» TRY IT
Look in the data below for the line that has "- Der patentierte", then print exactly every line from there through the line that has "his bitch |", leaving pictures out.

» AVAILABLE DATA
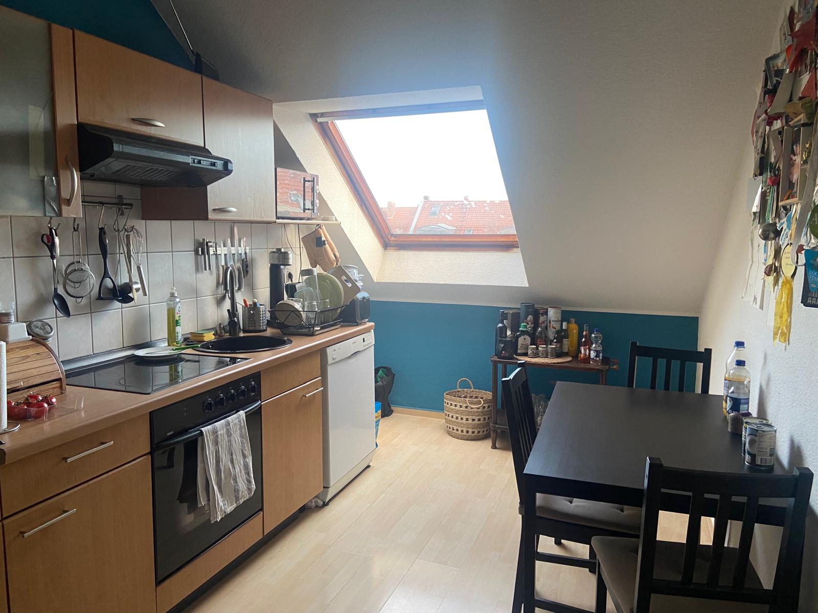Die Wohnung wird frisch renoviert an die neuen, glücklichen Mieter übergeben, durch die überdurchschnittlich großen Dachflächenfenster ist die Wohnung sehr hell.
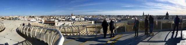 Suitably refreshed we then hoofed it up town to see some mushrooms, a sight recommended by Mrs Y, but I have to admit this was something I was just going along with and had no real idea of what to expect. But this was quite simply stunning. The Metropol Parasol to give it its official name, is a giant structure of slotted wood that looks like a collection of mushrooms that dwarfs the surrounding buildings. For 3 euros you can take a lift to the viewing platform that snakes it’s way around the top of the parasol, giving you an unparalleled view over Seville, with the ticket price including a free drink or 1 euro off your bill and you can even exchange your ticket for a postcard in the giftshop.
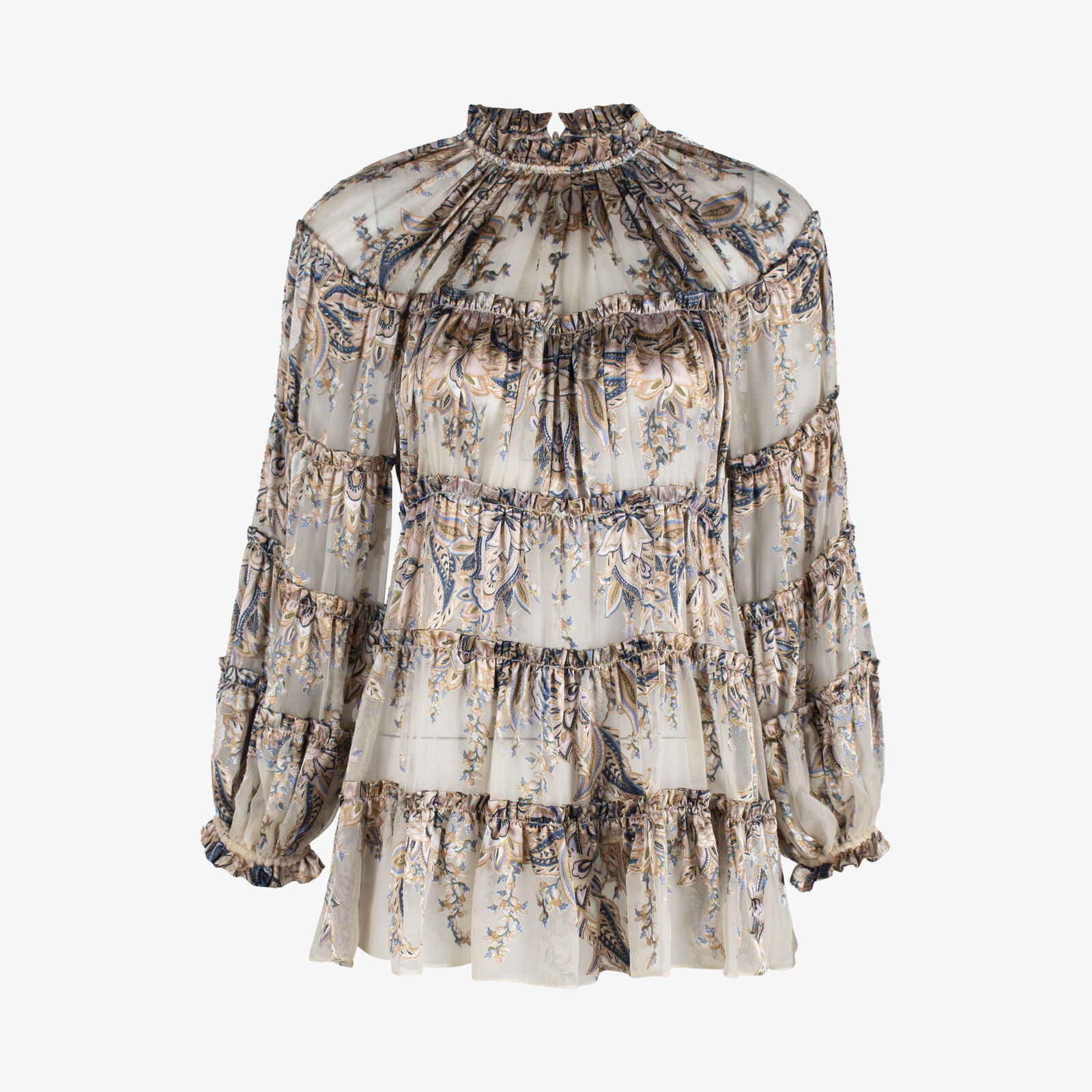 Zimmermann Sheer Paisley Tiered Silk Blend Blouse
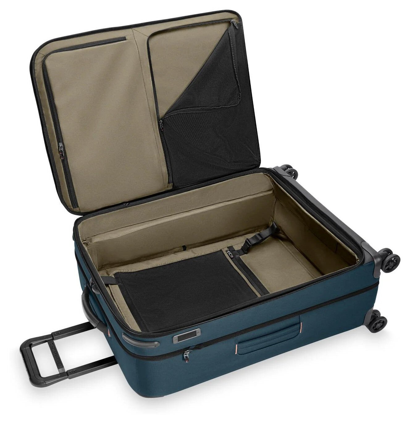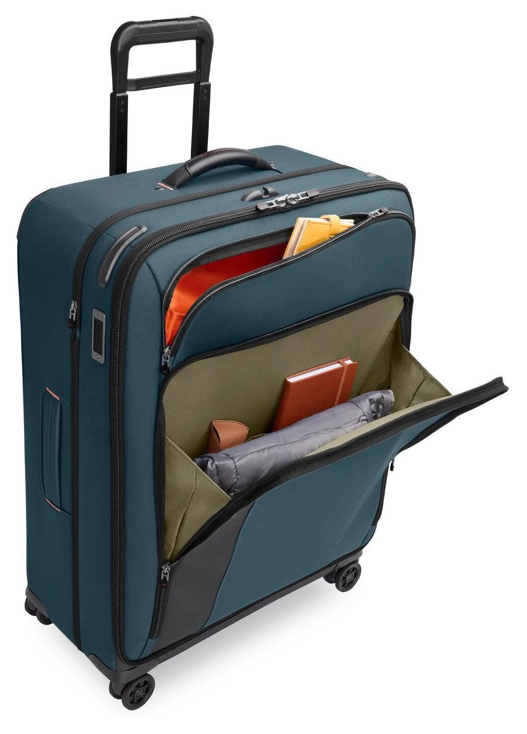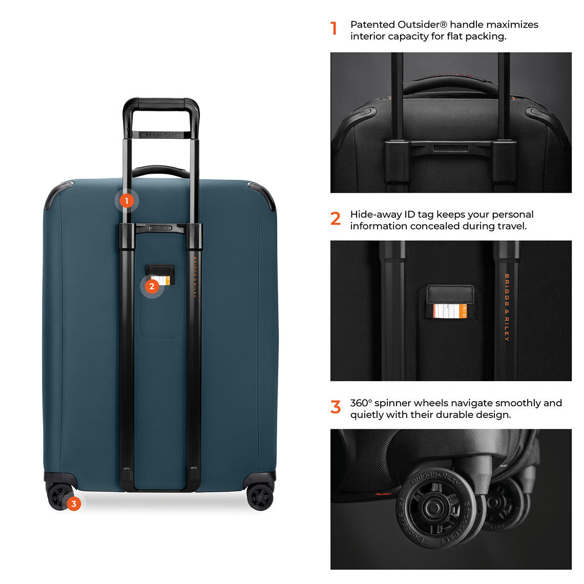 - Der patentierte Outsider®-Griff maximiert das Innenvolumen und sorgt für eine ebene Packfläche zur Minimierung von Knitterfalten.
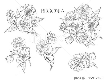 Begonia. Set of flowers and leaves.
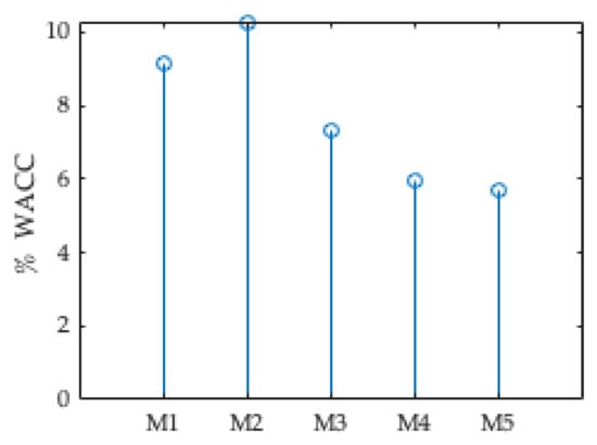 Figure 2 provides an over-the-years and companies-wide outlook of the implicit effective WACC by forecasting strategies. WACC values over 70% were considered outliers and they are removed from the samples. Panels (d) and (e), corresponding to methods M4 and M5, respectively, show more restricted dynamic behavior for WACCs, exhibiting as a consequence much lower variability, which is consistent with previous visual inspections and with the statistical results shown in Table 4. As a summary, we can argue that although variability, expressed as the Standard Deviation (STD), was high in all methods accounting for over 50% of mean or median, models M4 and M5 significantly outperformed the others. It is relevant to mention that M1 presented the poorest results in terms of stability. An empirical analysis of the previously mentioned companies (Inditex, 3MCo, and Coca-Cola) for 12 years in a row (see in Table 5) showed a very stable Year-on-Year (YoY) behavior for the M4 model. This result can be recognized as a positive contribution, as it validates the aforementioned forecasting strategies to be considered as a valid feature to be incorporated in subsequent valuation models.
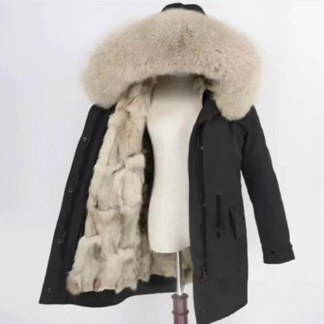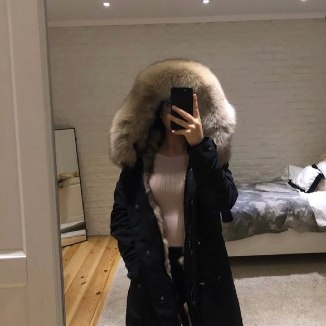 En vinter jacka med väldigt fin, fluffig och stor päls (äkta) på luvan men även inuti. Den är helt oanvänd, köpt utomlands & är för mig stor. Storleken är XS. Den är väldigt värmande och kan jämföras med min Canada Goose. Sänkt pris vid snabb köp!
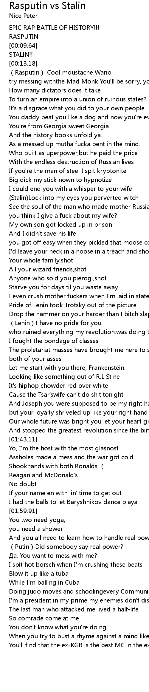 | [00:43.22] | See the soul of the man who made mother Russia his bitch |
---
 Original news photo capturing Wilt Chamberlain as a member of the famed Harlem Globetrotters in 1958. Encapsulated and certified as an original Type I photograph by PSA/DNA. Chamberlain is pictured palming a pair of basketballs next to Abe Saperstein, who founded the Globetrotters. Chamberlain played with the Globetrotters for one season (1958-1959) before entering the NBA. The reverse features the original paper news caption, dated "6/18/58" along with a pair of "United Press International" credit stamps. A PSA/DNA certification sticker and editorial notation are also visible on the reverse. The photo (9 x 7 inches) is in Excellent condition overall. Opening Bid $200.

» PROBLEM SOLUTION
 - Der patentierte Outsider®-Griff maximiert das Innenvolumen und sorgt für eine ebene Packfläche zur Minimierung von Knitterfalten.
 Begonia. Set of flowers and leaves.
 Figure 2 provides an over-the-years and companies-wide outlook of the implicit effective WACC by forecasting strategies. WACC values over 70% were considered outliers and they are removed from the samples. Panels (d) and (e), corresponding to methods M4 and M5, respectively, show more restricted dynamic behavior for WACCs, exhibiting as a consequence much lower variability, which is consistent with previous visual inspections and with the statistical results shown in Table 4. As a summary, we can argue that although variability, expressed as the Standard Deviation (STD), was high in all methods accounting for over 50% of mean or median, models M4 and M5 significantly outperformed the others. It is relevant to mention that M1 presented the poorest results in terms of stability. An empirical analysis of the previously mentioned companies (Inditex, 3MCo, and Coca-Cola) for 12 years in a row (see in Table 5) showed a very stable Year-on-Year (YoY) behavior for the M4 model. This result can be recognized as a positive contribution, as it validates the aforementioned forecasting strategies to be considered as a valid feature to be incorporated in subsequent valuation models.
 En vinter jacka med väldigt fin, fluffig och stor päls (äkta) på luvan men även inuti. Den är helt oanvänd, köpt utomlands & är för mig stor. Storleken är XS. Den är väldigt värmande och kan jämföras med min Canada Goose. Sänkt pris vid snabb köp!
 | [00:43.22] | See the soul of the man who made mother Russia his bitch |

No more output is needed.